MatrixConstruction - Used when OperationType is D3D12_LINEAR_ALGEBRA_OPERATION_TYPE_MATRIX_CONSTRUCTION.
WaveMatrixMultiply - Used when OperationType is D3D12_LINEAR_ALGEBRA_OPERATION_TYPE_WAVE_MATRIX_MULTIPLY.
ThreadGroupMatrixMultiply - Used when OperationType is D3D12_LINEAR_ALGEBRA_OPERATION_TYPE_THREADGROUP_MATRIX_MULTIPLY.
ThreadVectorMatrixMultiply - Used when OperationType is D3D12_LINEAR_ALGEBRA_OPERATION_TYPE_THREAD_VECTOR_MATRIX_MULTIPLY.ThreadOuterProductSupport - Used when OperationType is D3D12_LINEAR_ALGEBRA_OPERATION_TYPE_THREAD_OUTER_PRODUCT. Output formats from outer product must be supported for accumulate-store.

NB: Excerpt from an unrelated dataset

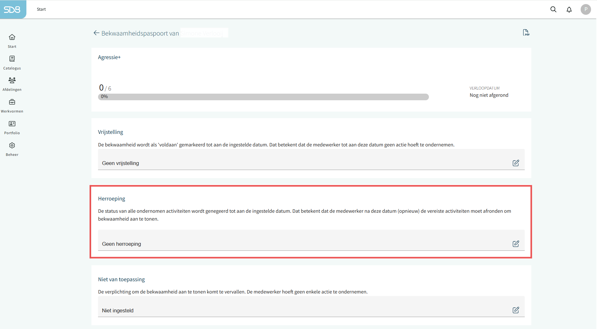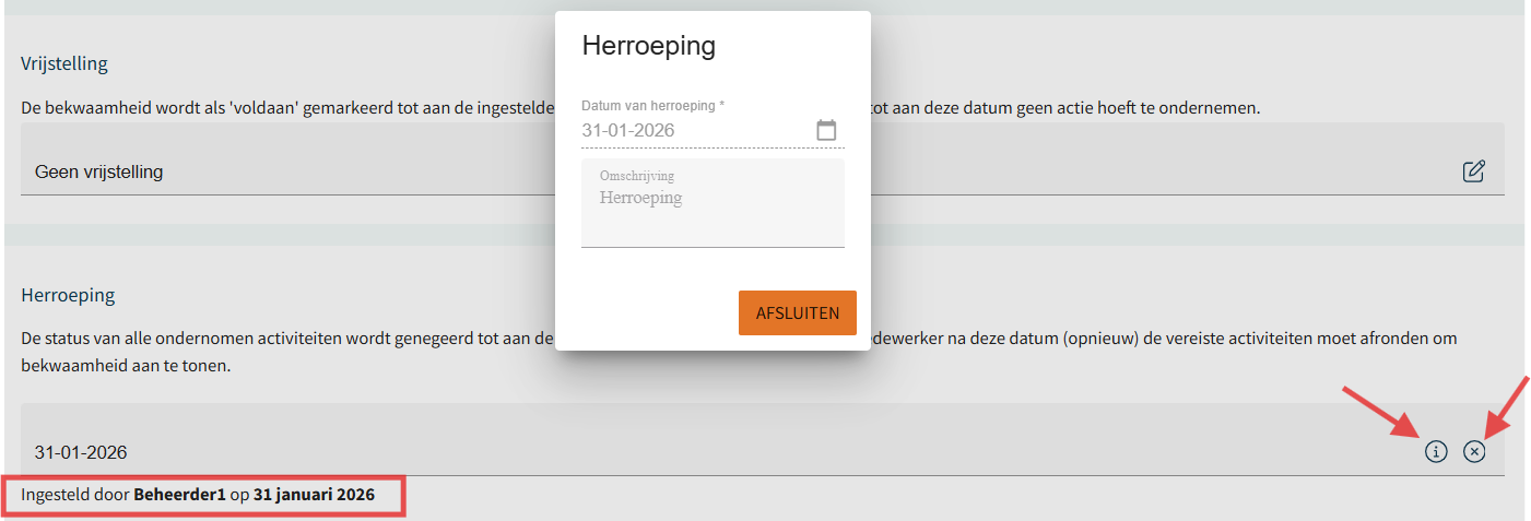 Een afgeronde bekwaamheid kan volledig worden herroepen als beheerder. Bij het invoeren van een herroepingsdatum met eventueel een opmerking worden alle gekoppelde activiteiten automatisch heropend. Indien gewenst kan de herroeping ook eenvoudig ongedaan worden gemaakt.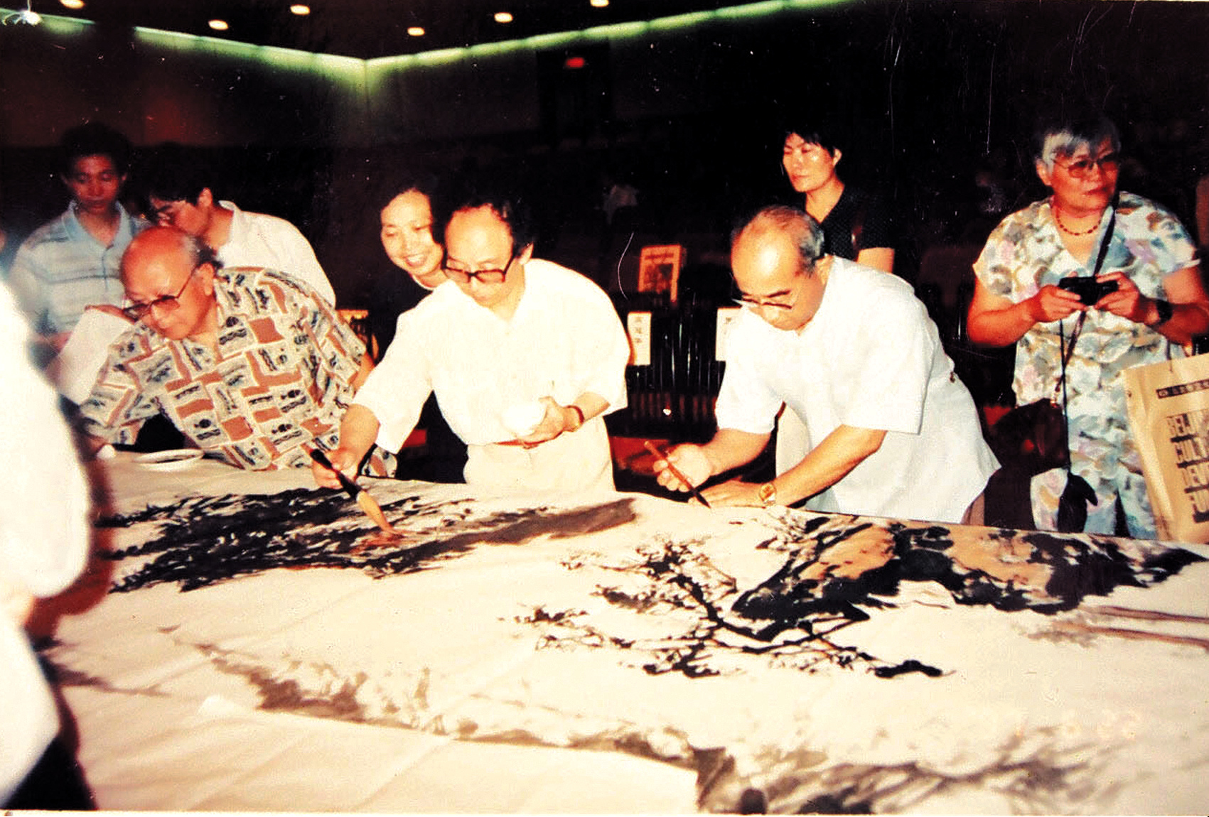 著名書畫家陳大章、中央美術(shù)學(xué)院教授、中央文史研究館館員、著名書法家黃均等為“迎香港回歸-首都百名老人書畫百米長卷”揮毫潑墨

AccumulateStore - Used when OperationType is D3D12_LINEAR_ALGEBRA_OPERATION_TYPE_ATOMIC_ACCUMULATE_STORE.// I have a shader that tries to use wave scope matrix multiplication with MxKxN = 64x64x64, FP16xFP16->FP32.
// Query if it's valid for me to use that shader.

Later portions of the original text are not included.